# Finance LLM Integration Notebook

This notebook guides you through generating finance datasets, fine-tuning language models, integrating Milvus for retrieval-augmented generation (RAG), evaluating with ROUGE and LastMile AutoEval, and building a simple web UI.

In [None]:
# Install required packages (run once)
!pip install transformers datasets peft sentence-transformers pymilvus torch fastapi uvicorn[standard] reactpy lastmile jupyterlab

## Part 1: Dataset Generation and Loading

In [None]:
import csv

def generate_finance_datasets():
    basic_data = [
        ("What is a stock?", "A stock represents ownership in a company and a claim on part of its assets and earnings."),
        ("Explain compound interest.", "Compound interest is interest calculated on the initial principal and also on accumulated interest."),
        ("What is a bond?", "A bond is a fixed income instrument representing a loan made by an investor to a borrower."),
        ("How does inflation affect investments?", "Inflation reduces the purchasing power of money, impacting investment returns."),
        ("What is diversification?", "Diversification is an investment strategy to reduce risk by allocating investments across various assets."),
    ]
    with open("finance_basic_finetune.csv", "w", newline="", encoding="utf-8") as f:
        writer = csv.writer(f)
        writer.writerow(["instruction", "response"])
        writer.writerows(basic_data)

    peft_data = [
        ["Stocks are traded on exchanges such as NYSE and NASDAQ."],
        ["The Federal Reserve controls monetary policy in the US."],
        ["Diversification helps reduce unsystematic risk in portfolios."],
        ["ETFs are investment funds traded on stock exchanges."],
        ["Credit ratings assess the creditworthiness of borrowers."],
    ]
    with open("finance_peft_finetune.csv", "w", newline="", encoding="utf-8") as f:
        writer = csv.writer(f)
        writer.writerow(["text"])
        writer.writerows(peft_data)

    preference_data = [
        ("What is a stock?", 
         "A stock represents ownership in a company and a claim on its assets and earnings.",
         "A stock is a type of bond."),
        ("Explain compound interest.", 
         "Compound interest is interest on principal and accumulated interest.",
         "Compound interest is interest only on the principal."),
        ("What is diversification?", 
         "Diversification spreads investments to reduce risk.",
         "Diversification means investing all in one asset."),
    ]
    with open("finance_rlhf_preferences.csv", "w", newline="", encoding="utf-8") as f:
        writer = csv.writer(f)
        writer.writerow(["prompt", "chosen_response", "rejected_response"])
        writer.writerows(preference_data)

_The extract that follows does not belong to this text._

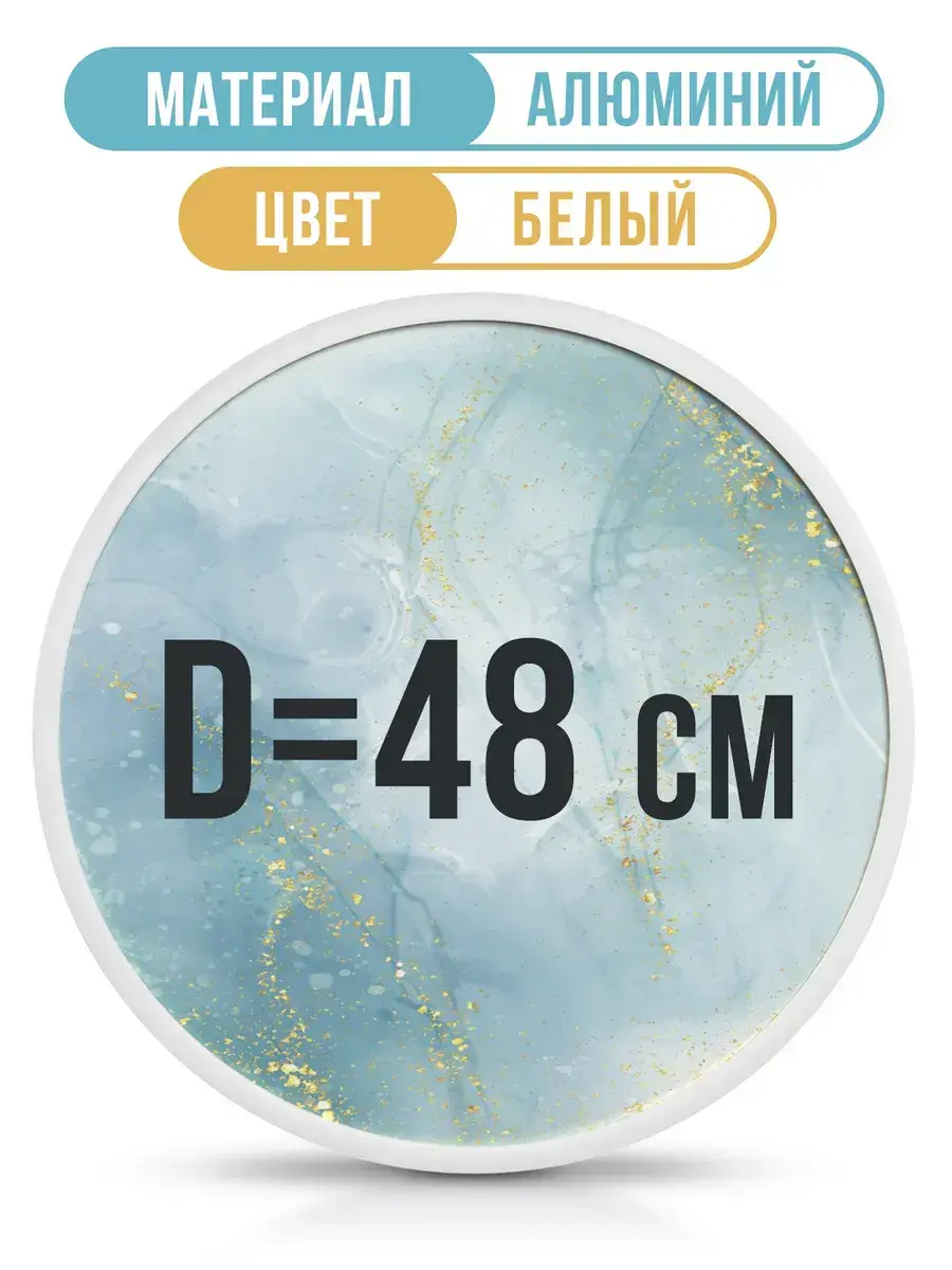 Круглая алюминиевая фоторамка 48 см. Габаритные размеры круглой металлической фоторамки - 488 мм. Диаметр видимой части - 470 мм. В круглую алюминиевую рамку 480 мм можно вставить постер, фото, алмазную мозаику, пазл, вышивку, зеркало, а также любую вставку, толщина которой не превышает 10 мм. Круглая металлическая рамка 48 см выполнена из легкого алюминия с красивой брашированной текстурой. В рамку для фото 48 см очень просто вставить изображение. Прижимные пружины вытаскиваются и вставляются без малейших усилий, но держат плотно и надежно. Подвес фоторамки также вставляется очень легко и свободно перемещается на любую точку окружности. Вместо стекла мы используем прозрачный пластик ПЭТ. Фоторамка 48 см получается легкой и безопасной - её невозможно разбить даже намеренно. При этом эстетические свойства круглой металлической рамки для вышивки не теряются: ПЭТ не искажает изображение и обеспечивает абсолютную прозрачность. Не забудьте снять защитную пленку с прозрачной вставки с ДВУХ сторон! Произведено в России.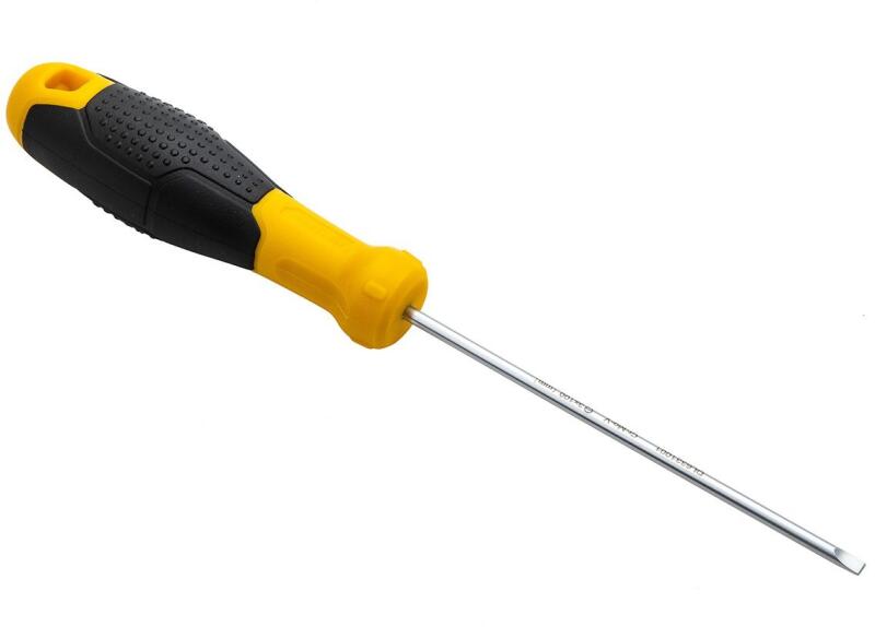 Kényelmesen használható, strapabíró, 3x100 mm -es laposfejű csavarhúzó sárga színben. A termék fogantyúja kiváló minőségű műanyagból készült. Praktikus lyukkal rendelkezik, amely lehetővé teszi a szerszám felakasztását, például egy szerszámtáblára. A csavarhúzó mágneses csúccsal is fel van szerelve, ami nagyban megkönnyíti a munkáját. Méret: 3x100mm Anyag: C

generate_finance_datasets()
print("Finance datasets generated.")

## Part 2: Dataset Loading Functions

In [None]:
import pandas as pd
from datasets import Dataset

def load_text_dataset_from_csv(csv_path, text_columns, delimiter="\n"):
    df = pd.read_csv(csv_path)
    df['text'] = df[text_columns].astype(str).agg(delimiter.join, axis=1)
    return Dataset.from_pandas(df[['text']])

def load_text_dataset_from_txt(txt_path):
    with open(txt_path, 'r', encoding='utf-8') as f:
        lines = [line.strip() for line in f if line.strip()]
    return Dataset.from_list([{'text': line} for line in lines])

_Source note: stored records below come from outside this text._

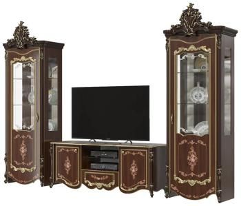 В комплектации № 6 гостиная Шейх состоит из двух шкафов-витрин 1-дверных левого и правого, и солидной тумбы TV. Роскошная стеночка для уголка отдыха восхищает изысканной красотой, богатством отделки и визуальной лёгкостью. Своей воздушной прелестью гостиная Шейх обязана изяществу форм, обилию стеклянных вставок, блеску декора.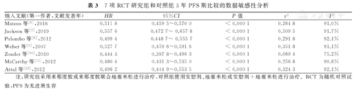 7项RCT研究组和对照组3年PFS期比较的数据敏感性分析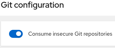- Click the Consume insecure Git repositories toggle switch to enable.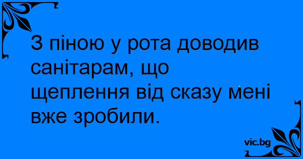 З піною у рота доводив санітарам, що щеплення від сказу мені вже зробили.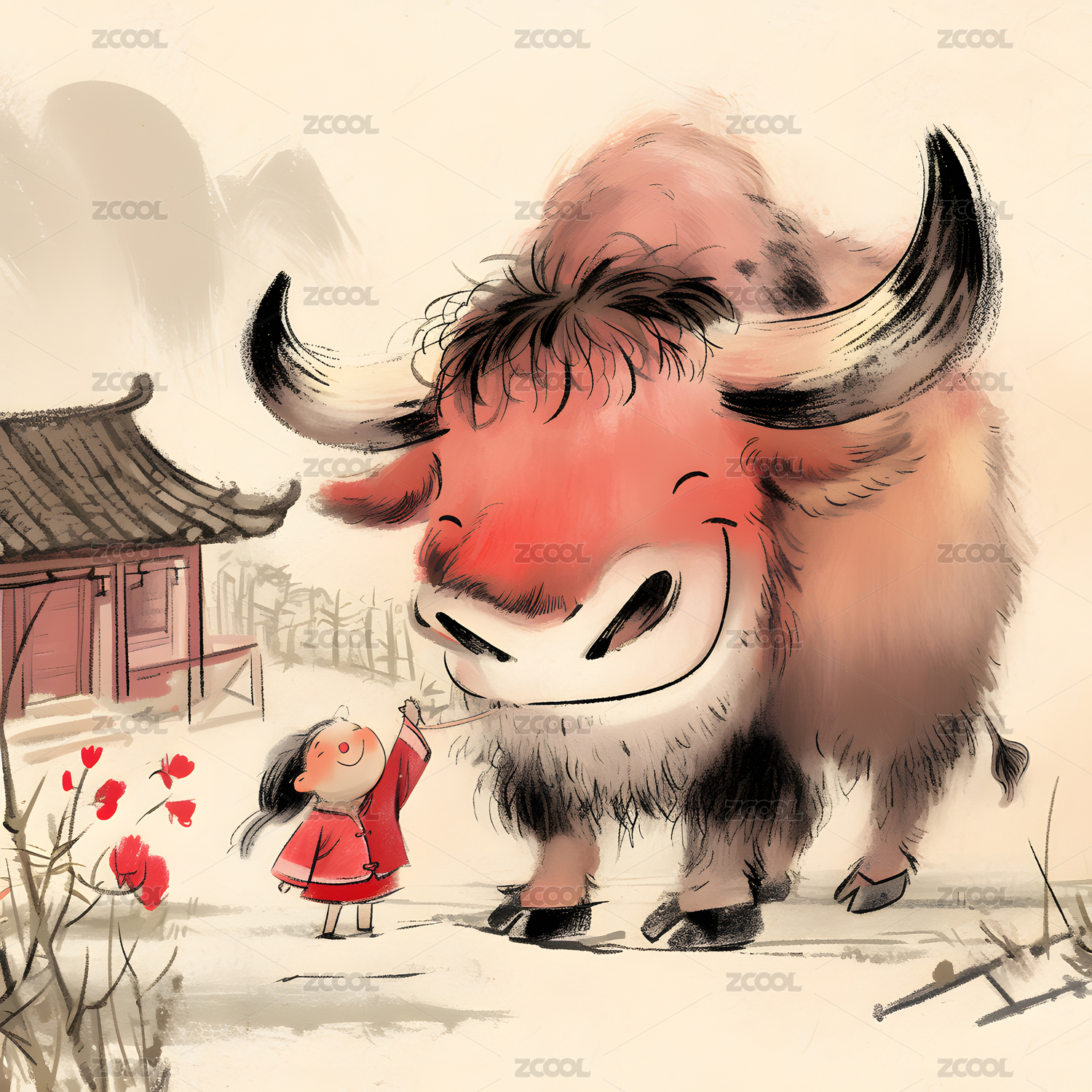 手绘卡通牛插画

## Part 3: Basic Fine-tuning Example

In [None]:
from transformers import AutoModelForCausalLM, AutoTokenizer, Trainer, TrainingArguments
import torch

def basic_fine_tuning(model_name, dataset_path, output_dir='./basic_finetune_results'):
    dataset = load_text_dataset_from_csv(dataset_path, ['instruction', 'response'], delimiter="\nAssistant: ")
    dataset = dataset.map(lambda x: {'text': f"Human: {x['text']}"})

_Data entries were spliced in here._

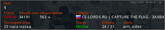 Последний раз был в сети 6 часов назад Игрок с таким ником замечен на 81 сервере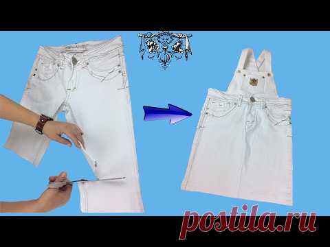 Перешиваем белые джинсы в сарафан для девочки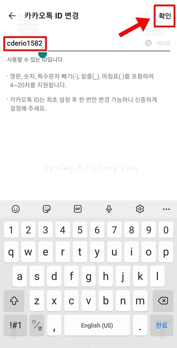 소개드린 위 과정이 가장 쉬운 카카오톡 아아디 확인 및 변경 방법입니다. 참고로 아이디 변경은 영문, 숫자, 특수문자 뺴기, 밑줄, 마침표를 포함해서 4~20자로 만들 수 있으니 신중하게 변경해보세요.

    model = AutoModelForCausalLM.from_pretrained(model_name)
    tokenizer = AutoTokenizer.from_pretrained(model_name)

    def tokenize_function(examples):
        return tokenizer(examples["text"], truncation=True, max_length=512)

    tokenized_dataset = dataset.map(tokenize_function, batched=True)

    training_args = TrainingArguments(
        output_dir=output_dir,
        num_train_epochs=1,  # Increase for real training
        per_device_train_batch_size=2,
        logging_steps=10,
        save_steps=50,
        evaluation_strategy="no",
        save_total_limit=2,
        learning_rate=5e-5,
        weight_decay=0.01,
        warmup_steps=100,
        fp16=torch.cuda.is_available(),
    )

    trainer = Trainer(
        model=model,
        args=training_args,
        train_dataset=tokenized_dataset,
    )

    trainer.train()
    print(f"Basic fine-tuning done. Model saved at {output_dir}")

# Example call:
# basic_fine_tuning("meta-llama/Llama-3-8b", "finance_basic_finetune.csv")

## Part 4: Milvus RAG Setup and Inference

In [None]:
from pymilvus import MilvusClient
from sentence_transformers import SentenceTransformer
from transformers import AutoTokenizer, AutoModelForCausalLM

class MilvusRAG:
    def __init__(self, db_path="milvus_rag_db.db", collection_name="rag_collection", embedding_dim=768):
        self.client = MilvusClient(db_path)
        self.collection_name = collection_name
        self.embedding_dim = embedding_dim
        if not self.client.has_collection(collection_name):
            self.client.create_collection(collection_name, dimension=embedding_dim)
        self.document_store = {}

    def insert_documents(self, documents):
        embedder = SentenceTransformer('all-MiniLM-L6-v2')
        embeddings = embedder.encode(documents, convert_to_numpy=True).tolist()
        res = self.client.insert(self.collection_name, embeddings)
        ids = res['ids']
        for doc_id, doc_text in zip(ids, documents):
            self.document_store[doc_id] = doc_text
        self.client.flush(self.collection_name)

    def search(self, query, top_k=3):
        embedder = SentenceTransformer('all-MiniLM-L6-v2')
        query_embedding = embedder.encode([query], convert_to_numpy=True).tolist()
        results = self.client.search(self.collection_name, query_embedding, limit=top_k)
        hits = results[0]
        return [self.document_store.get(hit['id'], "") for hit in hits]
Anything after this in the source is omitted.